15h. On commence sans Mauroy [2]. Les journalistes gratouillent leurs carnets mais très vite les paupières se font lourdes. Arrive Sabreen Al’Rassace, témoignant pour l’hebdo. Les confrères sursautent : « Sabrine quoi ?! » Les yeux brillants, ils s’approchent de la jeune femme : « Excusez-moi, vous pourriez épeler votre nom ? » Son nom n’apparaîtra dans aucun média [3]. Les pauses clopes pour certain-es, les appels pour d’autres, les font fuir définitivement la torpeur de la salle. Peu d’entre eux demeurent.
A 18h, l’avocat de Charlie termine sa (très) longue plaidoirie. C’est la fin. 2000 euros pour chaque prévenu (Val et Fischetti) ont été requis par le proc’. Les confrères se réveillent… et « informent » :
A 18h11, sur Nordeclair.fr « en direct du tribunal », on peut lire que le proc’ a requis une amende sans « en préciser le quantum » et que l’avocat de Charlie « a fait une très courte plaidoirie » (!). A 18h50, la locale de France 3 titre son reportage constitué d’images d’archive (!) « Polémique gynécologique », plagiant ainsi le Nord éclair du matin [4]. A 19h, la régionale ne compte que « 2000 euros contre le journal ». A 20h45, l’AFP se souvient de « 1.000 euros chacun ». Le lendemain, Nord éclair qui parle de « presque sept heures de débat » (!), doute : « de l’ordre de 1000 ou 2000 euros ». Pour La Voix, c’est seulement « 2000 euros ». Pareil pour 20 min…
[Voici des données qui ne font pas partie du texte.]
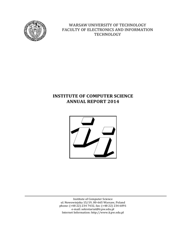 WARSAW UNIVERSITY OF TECHNOLOGY FACULTY OF ELECTRONICS AND INFORMATION TECHNOLOGY INSTITUTE OF COMPUTER SCIENCE ANNUAL REPORT 2014 Institute of Computer Science ul. Nowowiejska 15/19, 00-665 Warsaw, Poland phone: (+48 22) 234 7432, fax: (+48 22) 234 6091 e-mail: [email protected] Internet Information: http://www.ii.pw.edu.pl From the Director The Institute of Computer Science is one of the very few academic institutions in Poland with the longest tradition in computer research & development, as well as in education. The history of the Institute goes back to the year 1953 when the Division of Communications and Radio Equipment was established at the Faculty of Communications (was so called then). In 1960, the Division has designed and built one of the first industrially produced electronic computers in Poland, called UMC1. Teaching in the field of computing and computers has started early in 60's, so that the first few M.Sc. degrees in Computer Science were granted in 1962. From then on, the regular curricula in the field have been proposed. The main activities of the Institute of Computer Science concentrate around teaching of undergraduate and graduate computer science students, as well as, doing research in the field of computer science. The Institute’s main areas for both, i.e. the teaching and research activities, concentrate around computer graphics, information systems, data and text mining, artificial intelligence, computer systems’ architectures, dependable computing and software engineering. This Annual Report summarizes both types of the activities of the Institute in the academic year 2013/2014. Now, each year some 80 students receive their BSc degrees and about 80 students are awarded with MSc degrees. Additionally, we are proud of our PhD students. In 2014, five PhD students have completed their theses and have been awarded with PhD degrees, one with honours. The last year was for the Institute very successful in all the fields of our activities. One of our professors was nominated by the President of Poland with the scientific title of State Professor. A particular significance should be given to the new investments in our infrastructure. The server room reconstruction has been completed and the new equipment has been installed. Additionally, the Faculty project FOTEH has been successfully completed and the new computational laboratory has started working. In the research area, in 2014 we have been working on 17 projects. In particular, we have been ending our very successful work on the strategic project SYNAT, which is devoted to building infrastructure for scientific research community. We have continued implementing the research results of the project at the level of Warsaw University of Technology in the form of University Knowledge Base, which is now in regular use by all the faculties of the University. We also continued cooperation with industry, being involved in 8 projects for our industrial partners. Our co-operation with industry involves not only the Institute’s academic staff but also our PhD and MSc students, who participate in the research projects. In November we have hosted Professor Evangelos Milios from Dalhousie University, Canada, who presented a series of lectures on visual text analytics for the University staff and PhD students. In May and September we have also hosted Professor Janusz Zalewski from Dept. of Software Engineering Florida Gulf Coast University. The outcome of the research run by the Institute staff is well reflected in our publication record. In 2014 our staff have authored and co-authored 128 publications, (seven co-edited books, and 116 papers in international scientific journals, and conference proceedings, as well as chapters in the books). Additionally, 5 Institute’s reports have been issued. Our staff have been involved in organizing international conferences WI-IAT 2014 and JRS 2014. In addition the Institute was involved in organizing at WI-IAT a special session devoted to SYNAT. The research achievements of the Institute’s staff are well recognized in the academic community. Our colleagues are invited to the programme and organizing committees of international conferences. They are also often invited for reviewing papers for renowned international journals. It is my pleasure to express my appreciation to the Institute’s staff for their efforts and contributions in the Institute’s achievements in teaching and research. Warsaw, January 2015 Henryk Rybiński CONTENTS 1 GENERAL INFORMATION ........................................................................................................................ 5 1.1 Mission of the Institute ........................................................................................................................ 5 1.2 Noteworthy events in '14 ..................................................................................................................... 5 1.3 Board of Directors ................................................................................................................................ 8 1.4 Organisation of the Institute ................................................................................................................ 9 1.4.1 Division of Computer Graphics .................................................................................................. 9 1.4.2 Division of Information Systems .............................................................................................. 10 1.4.3 Division of Computer Architectures and Software Engineering ............................................ 11 1.4.4 Computer Laboratory ............................................................................................................... 12 2 STAFF ........................................................................................................................................................ 14 2.1 Senior academic staff .........
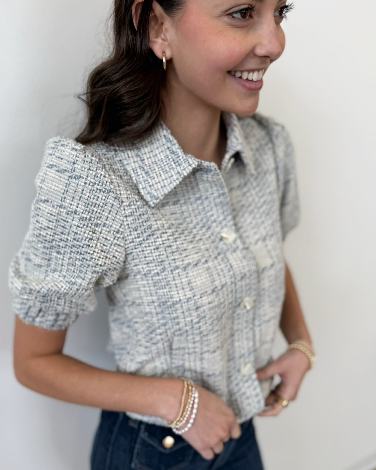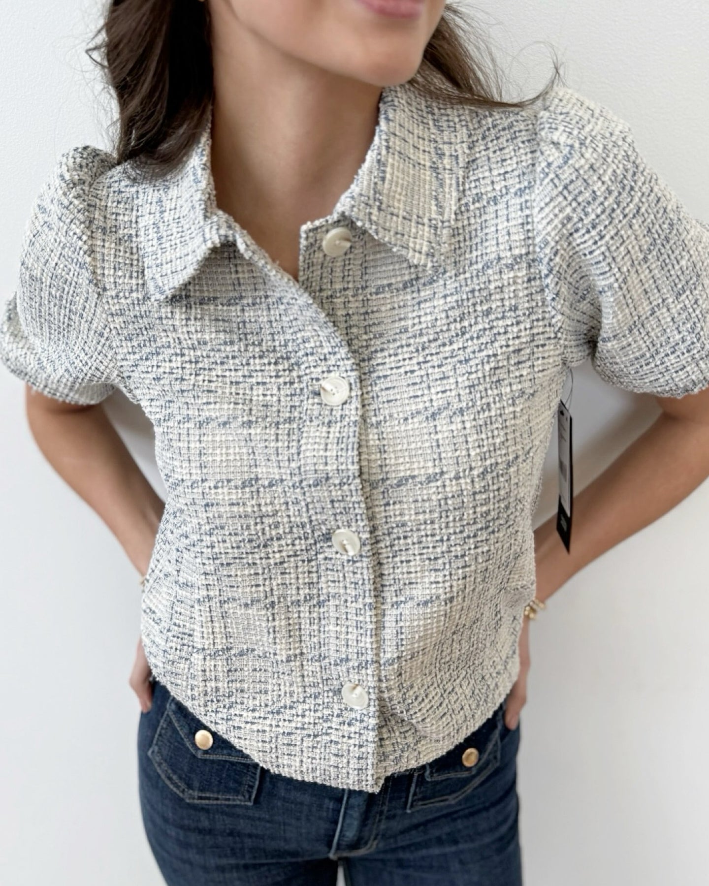 Elevate your everyday style with this Liverpool Los Angeles short-sleeve puff jacket, crafted from textured plaid boucle knit. Voluminous puff sleeves with elasticized hems create a modern, eye-catching silhouette that balances structure with playful charm. The classic button front and crisp collar deliver polished sophistication, while two front slant pockets add practical functionality. Fully lined for comfort and durability, this 22" jacket is the perfect layering piece that transitions seamlessly from casual to refined occasions.
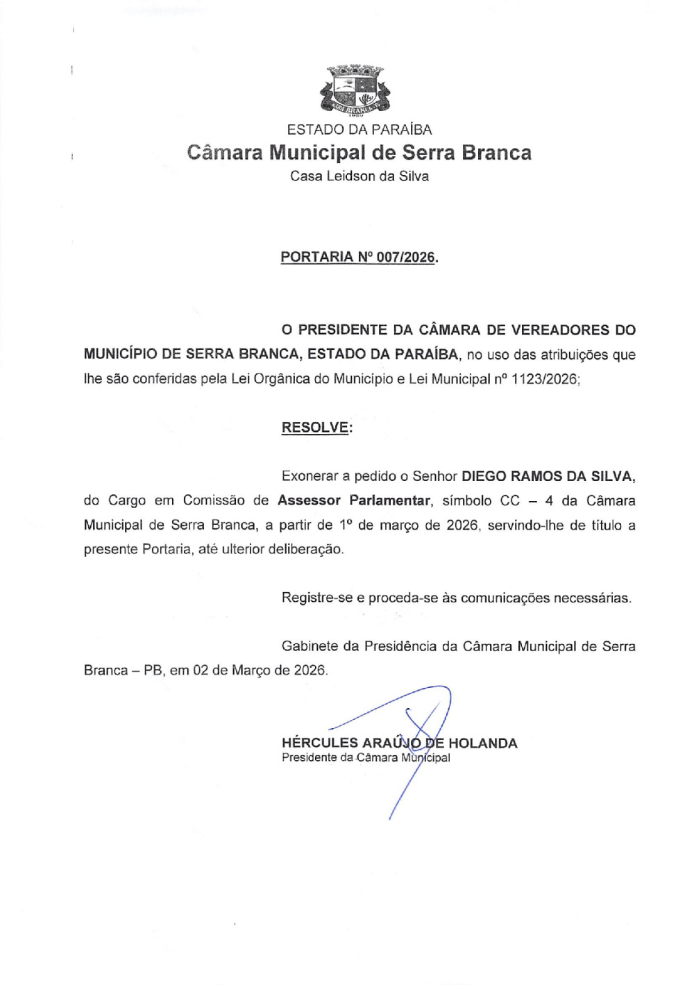 PORTARIA Nº 0007/2026 - EXONERAÇÃO A PEDIDO DE DIEGO RAMOS DA SILVA
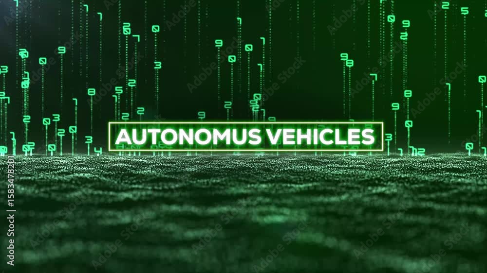 The watermark will not be included on Wall mural.: Matrix binary code and autonomous vehicles word
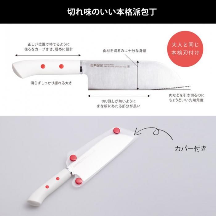 台所育児の包丁は子どもの少ない力でもよく切れるように、刃物のまち岐阜県関市で作られる切れ味のよい本格派包丁です。
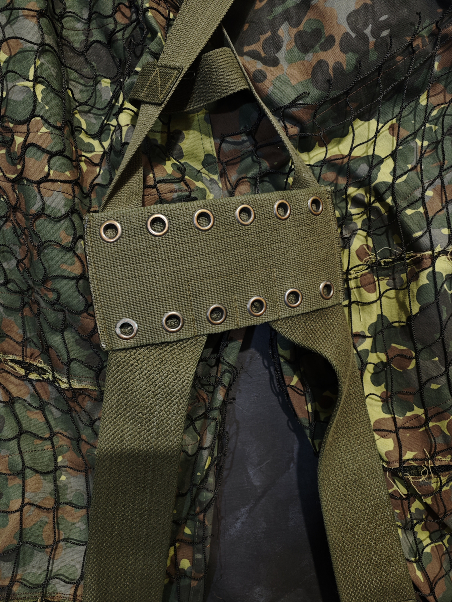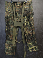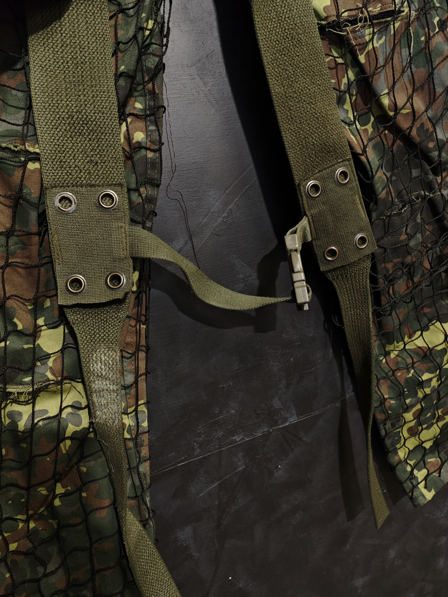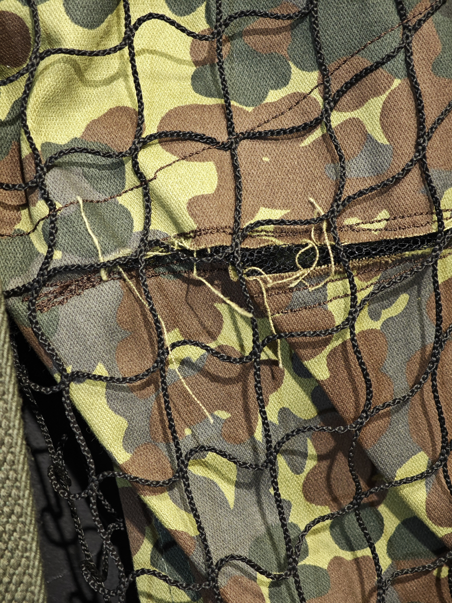 - Поверху пришита крупная сетка для крепления натурального камуфляжа из веток и листьев.
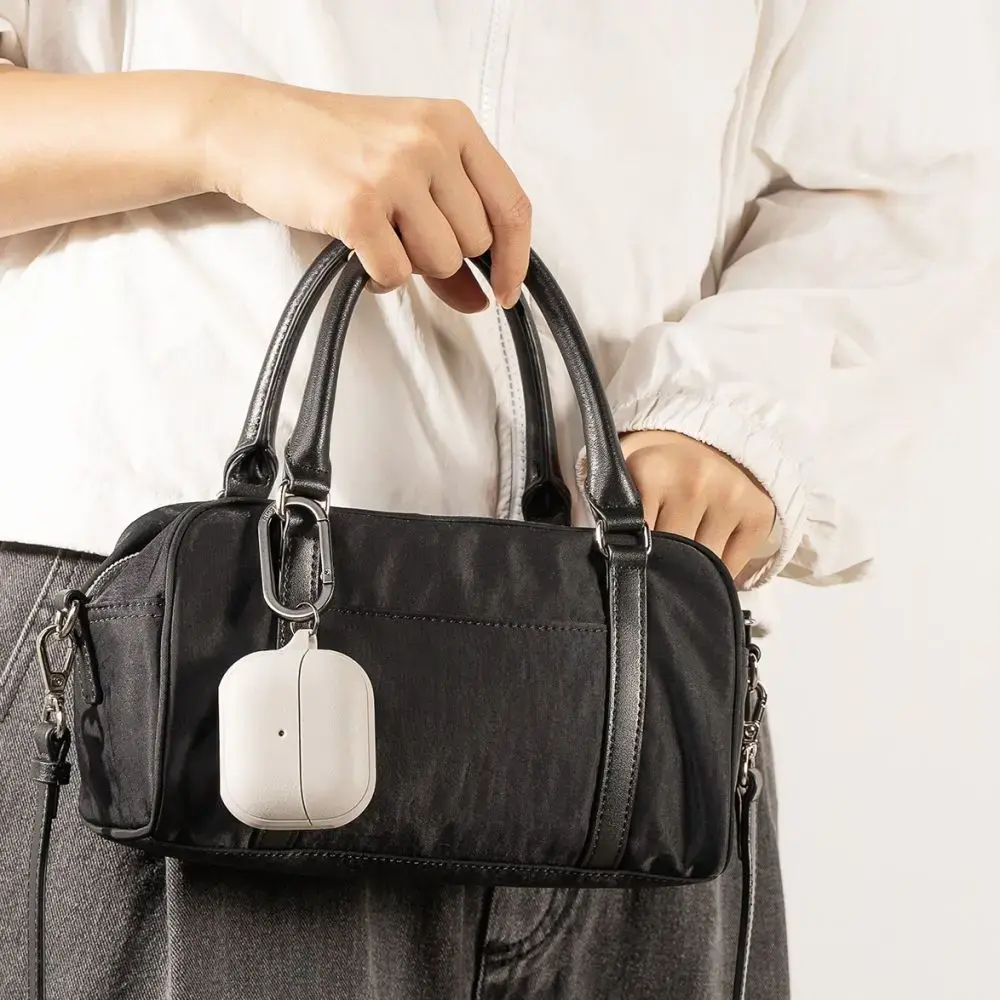 Turklāt futrālis ir aprīkots ar praktisku karabīni, lai paplašinātu iespēju klāstu - austiņas var piespraust pie auklas ar atslēgām vai pie bikšu jostas, pateicoties kam komplekta nomešana vai pazaudēšana kļūst gandrīz neiespējama.

Un carnet, un stylo, un GSM, deux heures à tuer… Pourquoi pas faire journaliste ?
J. de l’E.
[1] Pour un récit plus complet voir « Brigitte Mauroy attaque un journaliste » et « Le récit d’un procès de presse », www.lille43000.com.
[2] Le soir, les JT de France 3 NPDC diffuseront des images d’archive de Mme Mauroy.
[3] Nord éclair ajoutera le lendemain : « Le défilé des témoins n’apportent pas grand-chose ». En réalité les témoignages ont tenu une place centrale dans le procès. Ils ont permis de comprendre toute la dangerosité des écrits de Mauroy.
[4] Fischetti avait titré son second article consacré à Mauroy « Polémique clitoridienne ».